Таня была моей колеёй. Надежной, удобной и без резких поворотов. Вот только я и не предполагал, что этот маршрут мог быть конечным. Меня об этом оповещали какие-то знаки, но замечал ли их? Определенно нет. Просто ей молча надоела моя бесцельная езда туда-сюда.


Она не выдерживала той психологической нагрузки, что создавал мой «локомотив» своими поездками по ее рельсам-нервам. И радикальным сломом путей она четко дала понять – все, дружок, накатался. По-хорошему не понял, значит по-плохому: с болезненным крушением и многочисленными жертвами среди пассажиров – наших совместных воспоминаний и прожитых вместе дней.


Я знаю, что Таня со временем оправилась. Подлатала пути, нашла себе нового попутчика жизни и пустила его на дорогу своей жизни. Я же остался валяться под насыпью – покореженный и никому не нужный ржавый тепловоз.


Вновь поднимать на колеса такую бесполезную груду железа никому, кажется, не пришло в голову. Или на мой разбитый локомотив просто всем стало наплевать. Да и я сам из-за сломанного гудка уже не могу подать голос ремонтникам, что периодически снуют по путям. Да, кажется, и сейчас в ушах звенит этот последний, надрывный гудок уже обреченного паровоза за секунду до крушения…

*****

А, нет же, снова будильник. Утро. Очередной чертов понедельник, в которые блаженные идиоты вкладывают какой-то сакральный смысл и потаенные желания что-то изменить в своей жизни. И никогда ничего в итоге не меняя, раз за разом корят себя за слабость и неспособность преодолеть собственную лень без магии чисел и дат. Бездарно прогуливая дни в ожидании очередного календарного начала – недели, месяца, года…

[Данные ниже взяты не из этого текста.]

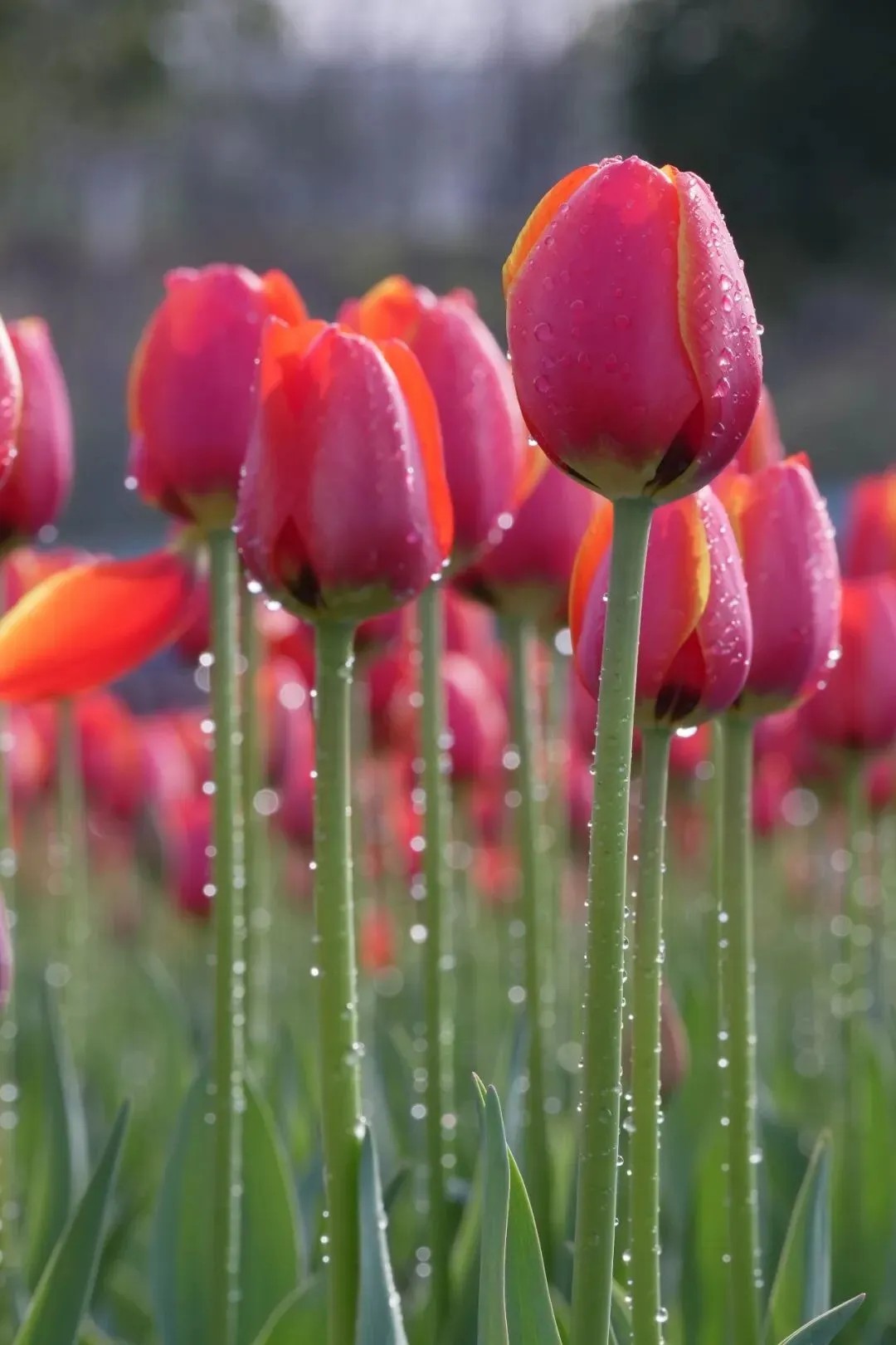 这片占地近两个标准足球场大小的郁金香花田,依托公园起伏的地形,顺着坡势层层铺展。从高处俯瞰,粉的、红的、橙的、紫的,各色郁金香被巧妙组合,宛如一条条流动的色带,沿着地形的“笔触”蜿蜒前行。所有花朵都盛放的时候,整个花海便成为一幅活色生香的水彩画。

Я давно бросил эту дурацкую привычку, и уже не жду волшебства и чудес от понедельников, первых чисел месяца и года. Не давать себе обещаний измениться под конкретный срок – значит не загоняться в состояние страха и паники. Исполнение обещаний ведь не на шутку пугает. Не потому ли такие вещи обычно проговаривают про себя, без свидетелей – чтобы, не дай бог, кто-то потом припоминал это. Себя самого оправдать за бездействие, конечно, гораздо проще.


«Очень пошлый конформизм кроется в твоей глупой отповеди», – скажете вы. И будете правы. Банальная оппозиционность банальному явлению. Клише, шаблон, мнимый протест. Да и плевать. Откуда взяться свежим мыслям и идеям, если ты сам посадил себя в квартирную клетку, а за ее пределами нарочно не смотришь по сторонам?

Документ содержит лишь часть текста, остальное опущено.